**Task brief**
Make an exact copy of the lines from the one containing "pentru proiectarea autovehiculului" through the end of the material, including both ends but no pictures.

**Data**
★ ★ ★ ★ ★

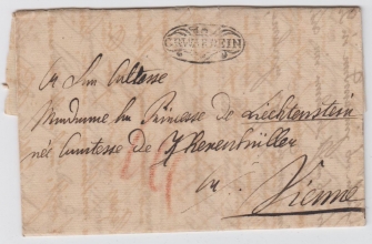 šlechtická korespondence, skládaný dopis adresovaný princezně de Liechtenstein
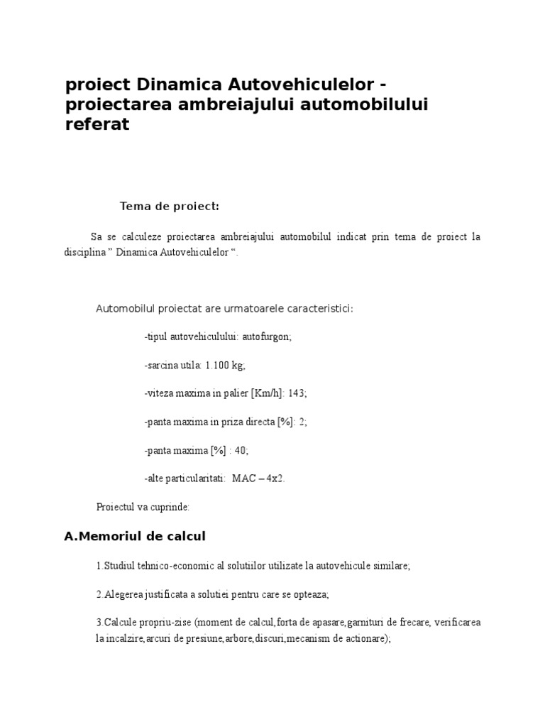 pentru proiectarea autovehiculului primit prin tema de proiect.
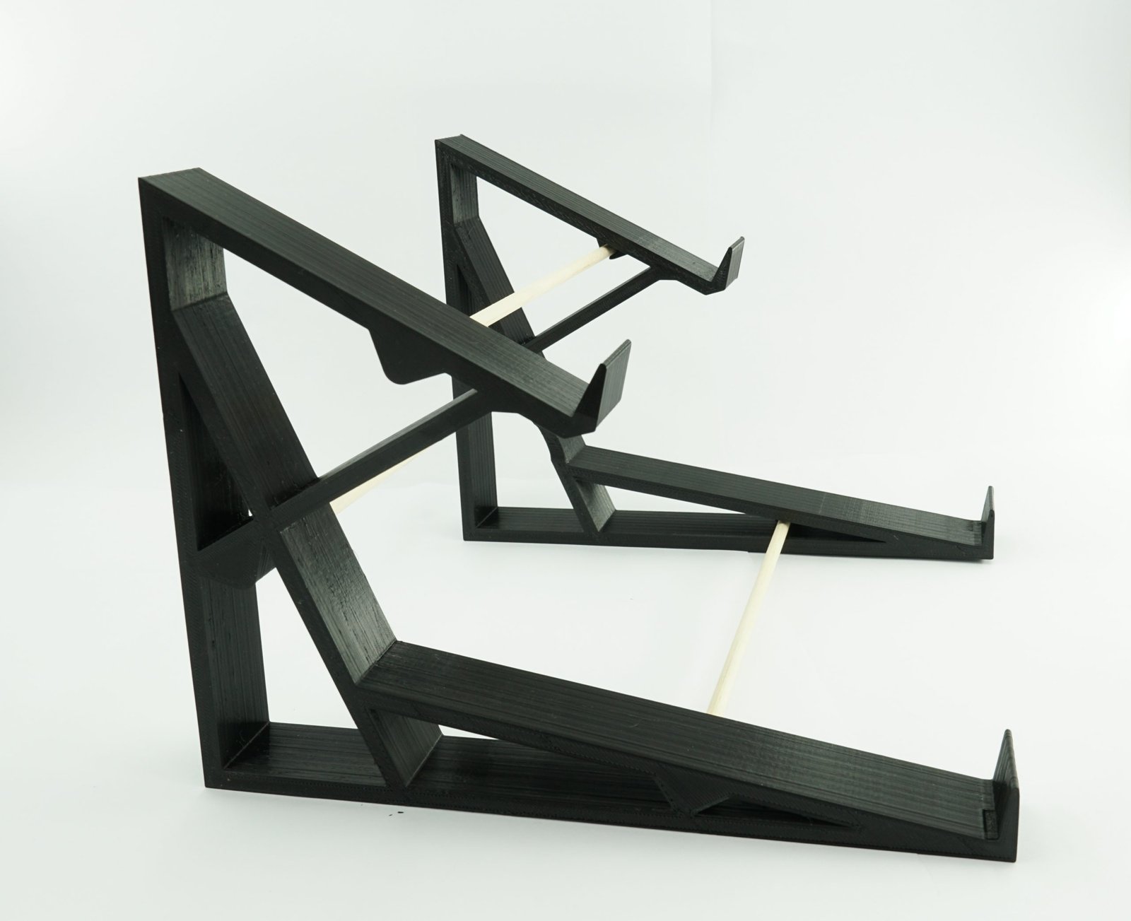 El ancho es ajustable según el largo que tienen las varillas que unen ambos pies.

★ ★ ★ ★ ★

**Answer box**
 pentru proiectarea autovehiculului primit prin tema de proiect.
 El ancho es ajustable según el largo que tienen las varillas que unen ambos pies.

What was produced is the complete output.